● **Problem**: The answer is the line containing "Brain Candy Podcast LIVE" plus every line after it to the end of the material, retyped exactly and without the pictures.

● **Data below**:
*** Begin section ***
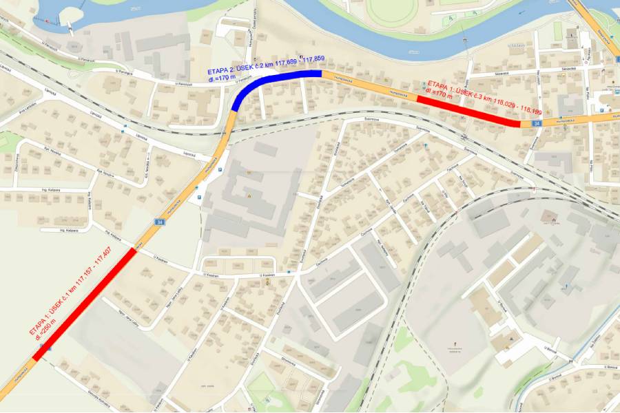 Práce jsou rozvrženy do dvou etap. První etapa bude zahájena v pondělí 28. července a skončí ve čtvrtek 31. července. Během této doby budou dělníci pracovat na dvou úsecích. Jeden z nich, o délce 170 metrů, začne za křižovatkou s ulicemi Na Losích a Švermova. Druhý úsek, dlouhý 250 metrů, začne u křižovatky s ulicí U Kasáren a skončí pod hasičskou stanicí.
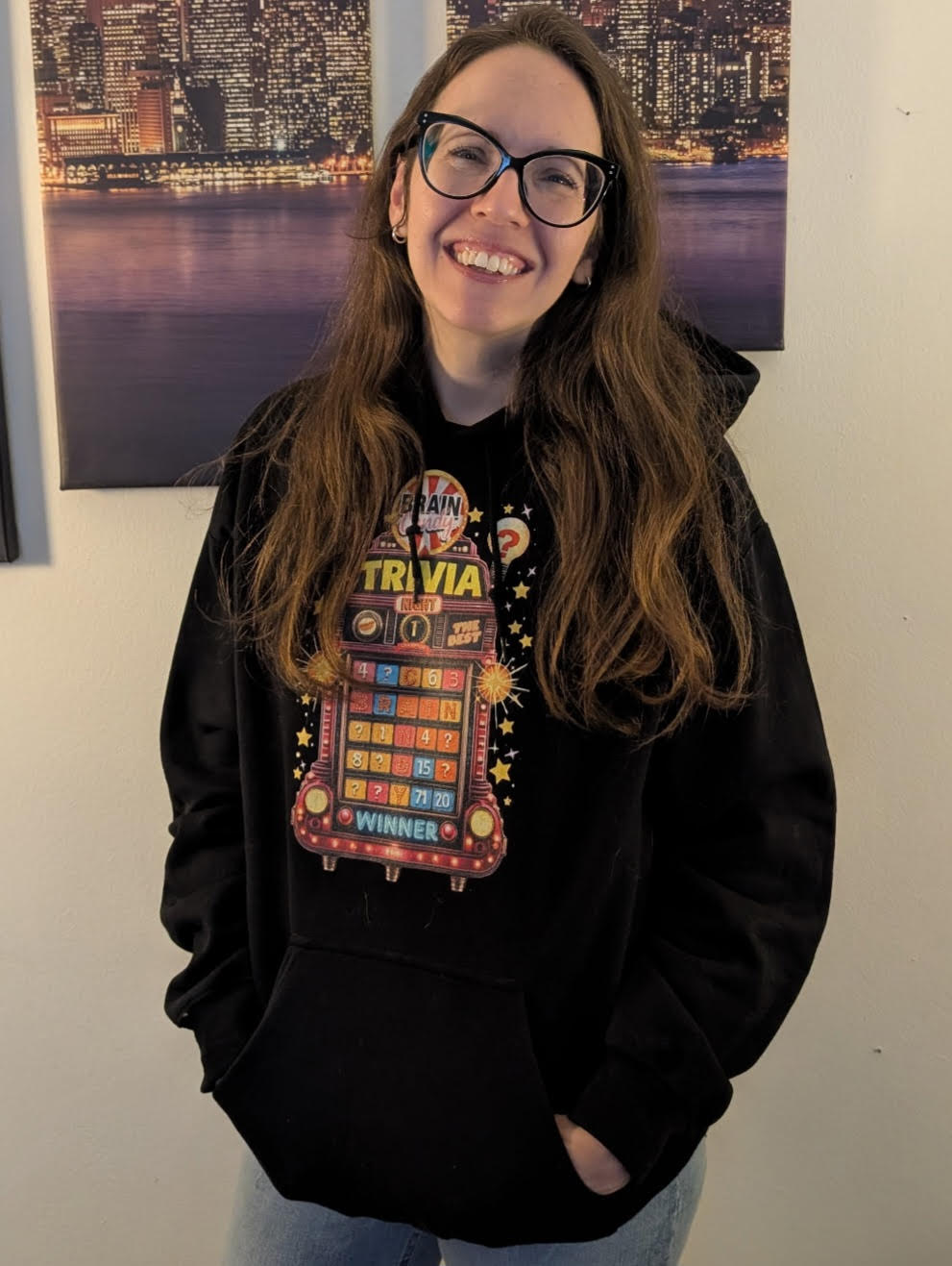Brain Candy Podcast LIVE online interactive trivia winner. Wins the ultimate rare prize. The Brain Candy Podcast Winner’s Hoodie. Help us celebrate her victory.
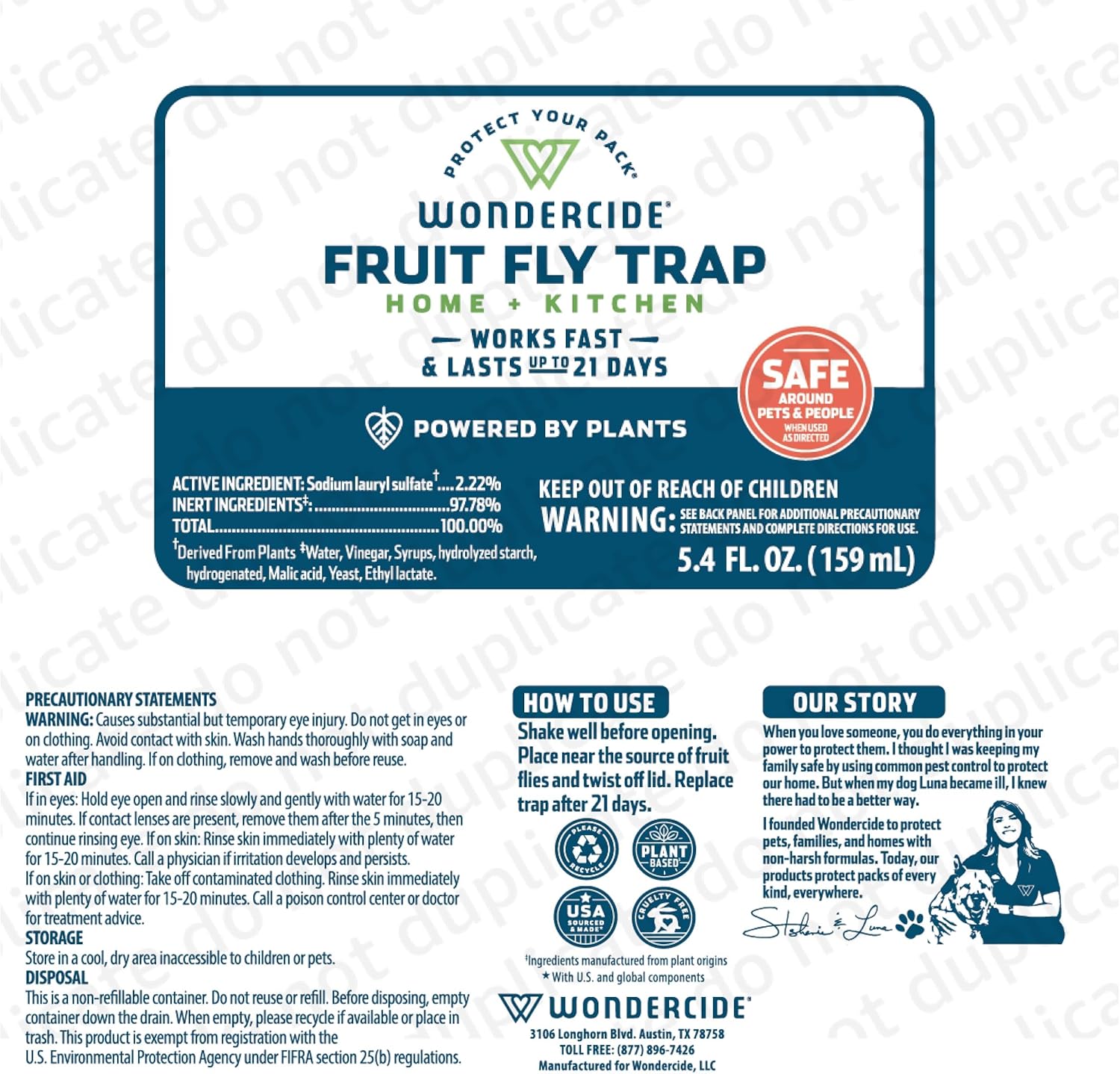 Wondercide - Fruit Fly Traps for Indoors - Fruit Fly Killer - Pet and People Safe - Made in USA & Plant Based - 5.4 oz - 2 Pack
*** End section ***
● **Exercise response**:
Brain Candy Podcast LIVE online interactive trivia winner. Wins the ultimate rare prize. The Brain Candy Podcast Winner’s Hoodie. Help us celebrate her victory.
 Wondercide - Fruit Fly Traps for Indoors - Fruit Fly Killer - Pet and People Safe - Made in USA & Plant Based - 5.4 oz - 2 Pack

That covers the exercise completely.